__EXERCISE DIRECTIONS__: Every line below between the line holding "το 2026 ~3%" and the line holding "मृतक पदम बहादुर", inclusive, should be repeated exactly, and all other lines omitted.

+---+

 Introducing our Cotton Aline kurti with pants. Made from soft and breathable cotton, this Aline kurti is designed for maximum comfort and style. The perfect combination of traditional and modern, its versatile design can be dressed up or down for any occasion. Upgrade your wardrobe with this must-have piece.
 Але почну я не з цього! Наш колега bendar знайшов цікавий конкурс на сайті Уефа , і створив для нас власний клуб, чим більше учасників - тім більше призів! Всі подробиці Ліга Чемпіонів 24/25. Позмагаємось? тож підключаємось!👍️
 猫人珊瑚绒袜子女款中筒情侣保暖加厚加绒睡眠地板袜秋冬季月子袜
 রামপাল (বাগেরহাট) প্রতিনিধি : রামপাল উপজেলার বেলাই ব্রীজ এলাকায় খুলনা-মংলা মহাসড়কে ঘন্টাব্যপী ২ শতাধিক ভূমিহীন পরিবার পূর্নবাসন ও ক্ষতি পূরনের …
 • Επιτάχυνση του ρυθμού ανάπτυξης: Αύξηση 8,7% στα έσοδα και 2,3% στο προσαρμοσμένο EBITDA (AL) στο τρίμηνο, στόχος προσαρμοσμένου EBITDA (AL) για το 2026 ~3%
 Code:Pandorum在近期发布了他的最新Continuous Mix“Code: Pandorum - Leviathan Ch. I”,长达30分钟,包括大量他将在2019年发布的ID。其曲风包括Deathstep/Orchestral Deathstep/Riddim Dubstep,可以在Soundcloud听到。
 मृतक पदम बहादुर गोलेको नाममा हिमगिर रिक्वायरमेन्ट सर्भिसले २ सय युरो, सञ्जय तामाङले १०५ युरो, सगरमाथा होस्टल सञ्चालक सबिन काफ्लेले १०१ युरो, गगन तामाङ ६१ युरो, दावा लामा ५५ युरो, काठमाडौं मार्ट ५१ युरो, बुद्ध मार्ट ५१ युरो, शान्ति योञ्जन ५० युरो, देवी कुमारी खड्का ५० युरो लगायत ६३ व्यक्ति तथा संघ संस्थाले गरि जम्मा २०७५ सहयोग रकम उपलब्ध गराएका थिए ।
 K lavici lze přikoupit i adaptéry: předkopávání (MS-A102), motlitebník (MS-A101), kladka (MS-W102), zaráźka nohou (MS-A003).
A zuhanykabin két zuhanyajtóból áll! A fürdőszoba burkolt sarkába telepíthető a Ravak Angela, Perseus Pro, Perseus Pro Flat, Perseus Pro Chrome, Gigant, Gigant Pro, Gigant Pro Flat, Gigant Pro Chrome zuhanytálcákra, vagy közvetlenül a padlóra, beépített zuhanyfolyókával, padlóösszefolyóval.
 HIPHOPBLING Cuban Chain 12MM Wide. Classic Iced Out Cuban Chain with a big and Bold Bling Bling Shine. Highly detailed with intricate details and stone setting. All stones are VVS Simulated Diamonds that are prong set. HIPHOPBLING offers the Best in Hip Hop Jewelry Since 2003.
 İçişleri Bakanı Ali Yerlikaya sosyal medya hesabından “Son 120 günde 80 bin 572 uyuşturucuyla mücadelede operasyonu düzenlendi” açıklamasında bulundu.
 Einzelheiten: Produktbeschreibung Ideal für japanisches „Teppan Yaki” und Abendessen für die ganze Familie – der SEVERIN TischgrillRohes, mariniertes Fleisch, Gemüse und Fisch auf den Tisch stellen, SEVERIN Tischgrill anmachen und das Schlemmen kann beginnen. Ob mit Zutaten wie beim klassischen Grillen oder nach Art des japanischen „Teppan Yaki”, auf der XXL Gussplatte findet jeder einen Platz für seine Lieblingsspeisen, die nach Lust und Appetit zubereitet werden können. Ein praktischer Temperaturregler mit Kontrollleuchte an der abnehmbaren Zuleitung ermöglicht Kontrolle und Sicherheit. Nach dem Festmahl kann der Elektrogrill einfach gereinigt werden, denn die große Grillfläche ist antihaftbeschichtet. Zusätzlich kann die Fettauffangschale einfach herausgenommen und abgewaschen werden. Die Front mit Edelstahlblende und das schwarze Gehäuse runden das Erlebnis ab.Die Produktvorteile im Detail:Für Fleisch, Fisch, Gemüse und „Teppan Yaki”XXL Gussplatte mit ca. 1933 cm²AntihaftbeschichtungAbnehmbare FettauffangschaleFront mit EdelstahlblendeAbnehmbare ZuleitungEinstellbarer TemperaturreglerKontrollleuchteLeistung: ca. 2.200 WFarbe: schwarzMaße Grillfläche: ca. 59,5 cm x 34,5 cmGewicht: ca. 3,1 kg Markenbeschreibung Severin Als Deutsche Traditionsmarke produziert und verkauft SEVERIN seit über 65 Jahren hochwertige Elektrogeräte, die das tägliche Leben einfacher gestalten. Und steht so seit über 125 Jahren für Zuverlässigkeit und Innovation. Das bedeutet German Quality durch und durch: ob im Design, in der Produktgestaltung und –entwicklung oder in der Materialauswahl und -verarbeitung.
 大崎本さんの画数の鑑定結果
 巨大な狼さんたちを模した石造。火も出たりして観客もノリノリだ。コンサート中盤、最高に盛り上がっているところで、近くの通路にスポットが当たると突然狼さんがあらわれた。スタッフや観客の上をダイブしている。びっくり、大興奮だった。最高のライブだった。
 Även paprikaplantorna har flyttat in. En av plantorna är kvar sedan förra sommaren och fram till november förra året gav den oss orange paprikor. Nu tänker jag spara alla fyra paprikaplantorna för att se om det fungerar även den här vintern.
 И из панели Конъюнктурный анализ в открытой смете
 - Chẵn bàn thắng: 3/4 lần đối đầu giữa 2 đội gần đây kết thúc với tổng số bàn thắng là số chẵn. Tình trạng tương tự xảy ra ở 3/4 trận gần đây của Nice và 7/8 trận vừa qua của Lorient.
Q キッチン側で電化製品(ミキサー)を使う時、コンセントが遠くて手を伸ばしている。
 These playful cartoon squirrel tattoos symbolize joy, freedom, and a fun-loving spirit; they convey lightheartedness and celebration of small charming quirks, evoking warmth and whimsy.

+---+

__EXERCISE OUTPUT__:
 • Επιτάχυνση του ρυθμού ανάπτυξης: Αύξηση 8,7% στα έσοδα και 2,3% στο προσαρμοσμένο EBITDA (AL) στο τρίμηνο, στόχος προσαρμοσμένου EBITDA (AL) για το 2026 ~3%
 Code:Pandorum在近期发布了他的最新Continuous Mix“Code: Pandorum - Leviathan Ch. I”,长达30分钟,包括大量他将在2019年发布的ID。其曲风包括Deathstep/Orchestral Deathstep/Riddim Dubstep,可以在Soundcloud听到。
 मृतक पदम बहादुर गोलेको नाममा हिमगिर रिक्वायरमेन्ट सर्भिसले २ सय युरो, सञ्जय तामाङले १०५ युरो, सगरमाथा होस्टल सञ्चालक सबिन काफ्लेले १०१ युरो, गगन तामाङ ६१ युरो, दावा लामा ५५ युरो, काठमाडौं मार्ट ५१ युरो, बुद्ध मार्ट ५१ युरो, शान्ति योञ्जन ५० युरो, देवी कुमारी खड्का ५० युरो लगायत ६३ व्यक्ति तथा संघ संस्थाले गरि जम्मा २०७५ सहयोग रकम उपलब्ध गराएका थिए ।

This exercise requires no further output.